I recently came across a Wikipedia article about “gauntlet” tracks.

Gauntlet track - Wikipedia

I was a bit surprised by the term because I remember John Armstrong wrote about these in Track Planning for Realistic Operation and I remembered him using the term “gantlet”. I just came across my copy of the book and it confirmed that my memory is correct.

Knowing that Wikipedia doesn’t always vet their information, I tend to give more credibility to John Armstrong. My question is which is correct or are both acceptable?

In medieval times, a gauntlet was a leather glove with chainmail on the back. Hence the term throwing down the gauntlet as a form of challenge.

Mr Armstrong was correct,

From Grammarist.com :

"Gantlet was the original spelling of the word referring to a form of punishment in which people armed with sticks or other weapons arrange themselves in two lines and beat a person forced to run between them*.* It came from the earlier English word gantlope, which in turn comes from the Swedish gatlopp.1 Gauntlet is an alternative spelling of gantlet

on the railroad - the fewest letters usually wins.

The Chicago, South Shore & South Bend Railroad (CSS&SS) is well known for its gantlet bridge where a fatal accident occurred in 1993. If you Google accounts of this accident, you will find the track arrangement referred to both ways - - gantlet and gauntlet.

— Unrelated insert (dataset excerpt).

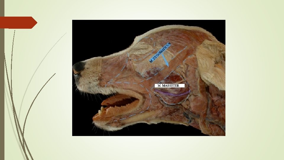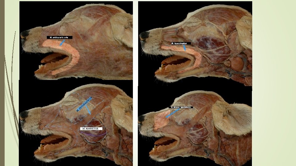 Köpekte baş kasları. Sığırda baş kasları. Atta baş kasları. 1 - M. Masseter 2 - M. orbicularis oculi 3 - M. Zygomaticus 4 - M. Lacrimalis 5 - M. levator labii maxillaris 6 - M. levator naso labialis 7 - M. Caninus 8 - M. Orbicularis Oris 9 - M. Buccinator 11 - M. zygomatico-auricularis 12 - M. temporo-auricularis 14 - Glandula parotis 15 - M. parotido-auricularis 17 - M. digastricus.
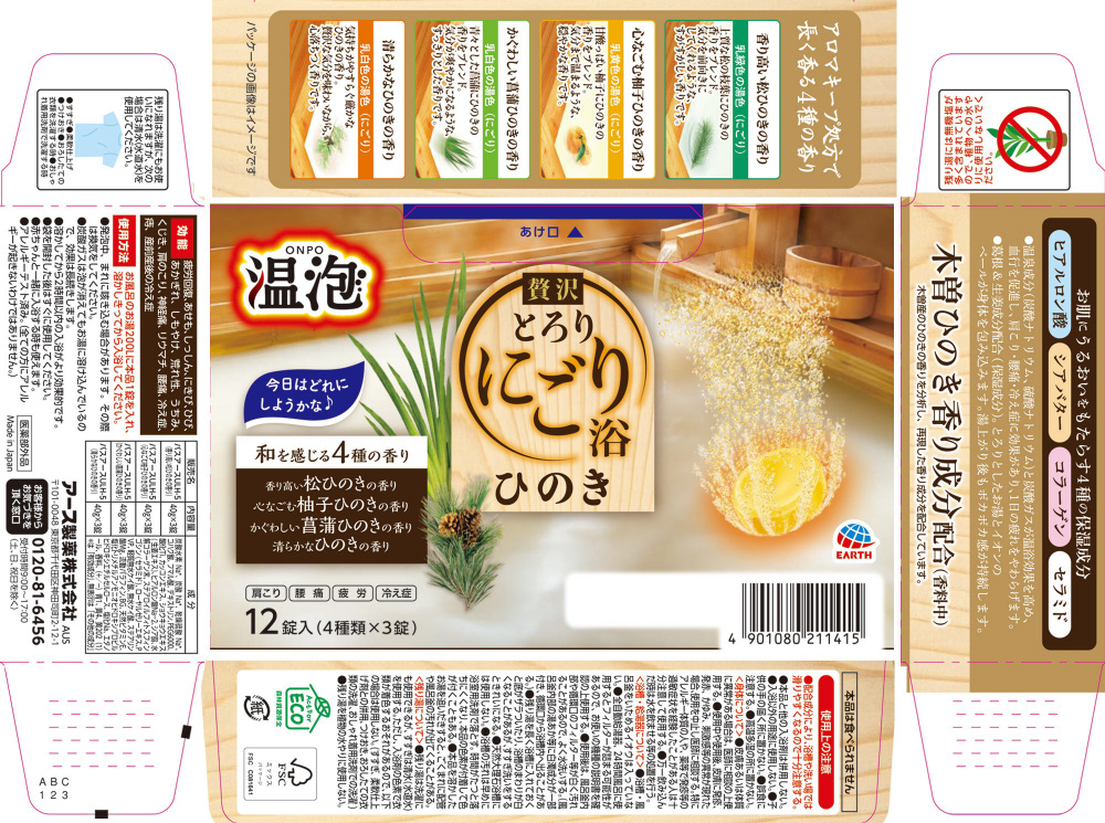 【効能】疲労回復、あせも、しっしん、にきび、ひび、あかぎれ、しもやけ、荒れ性、うちみ、くじき、肩のこり、神経痛、リウマチ、腰痛、冷え症、痔、産前産後の冷え症

It is commonly referred to in railroaders’ language as “gantlet”.

Rich

According to my trusty “Random House Dictionary of the English Language” (copyright 1968) Definition 1 for “gantlet” is the railroad track construction; they even have a good graphic showing a gantlet track. Definition 2 of “gantlet” is an alternate spelling of “gauntlet” for the punishment.

Kurt Hayek

If anyone’s interested in seeing a real-life gantlet track here’s two of them at the Townley Station on NJ Transit’s Raritan Valley Line. The first one appears at 1:25, the second at 5:35.

https://www.youtube.com/watch?v=8mvNZhxkNHk

Another vareity, the gantlet switch:

Thomas Underwood Coll B&O274 by John W. Barriger III National Railroad Library, on Flickr

The Erie Railroad main line negotiated a ganutlet in downtown Warren, Ohio for many years. That must have been an operating headache:

Erie_Warren_Gauntlet by Edmund, on Flickr

Howard Street Tunnels in Baltimore:

Thomas Underwood Coll B&O105 by John W. Barriger III National Railroad Library, on Flickr

Regards, Ed

Another use was scale track. They didn’t want heavy locomotives on the scale track.

Gantlet or gauntlet, any way you say it was more common than you think.

Pete.

Part of this is the early-20th-Century spelling simplification that led to ‘gage’ in technical terminology (as in ‘loading gage’).

There’s a gantlet switch at the entrance to the Fairbanks Morse plant in Beloit, WI.

Coincidently, this is the July photo on my 2023 B&O calendar.

Note the smashboard above the gantlet track.

At least in my accent, there is a slight pronounciation difference. The “gant” in “gantlet” would rhyme with “can’t”, where in “gauntlet” the “guan” would sound like “gone”.

Not to throw down the gauntlet…

It’s gantlet. Anything posted on Wikipedia should be conmfirmed by other sources

I visited several dictionary sites and they all state that gantlet and gauntlet are variants of each other.

I’ve seen both terms used interchangeably on various sites and references. It’s not worth splitting hairs over.

I like to collect old model railroad “how to” books, some going back to the 1930s. It’s interesting that in the early days of the hobby “gage” seemed to be the most used, like “O gage layout”. Not sure when “gauge” became virtually universal; just sometime after WW2.

I always thought it was gauntlet. Never heard of gantlet. Doesnt even sound right. Im still working on that ‘plough’ word from a year ago [(-D].

PMR

i have always referred to it as a ‘gauntlet’, i have never heard of it being called a gantlet ???

Is that to knock the roof top surfers off? There have been a couple teen deaths in NY and a mother is demanding they do something to prevent teens from getting out the doors and climbing onto the roofs of cars. I don’t think those kids were going to be the next Steve Jobs.

That tunnel is slated to be made higher to accomodate double stacks, as it was built 128 years ago. The gauntlet must start in the tunnel.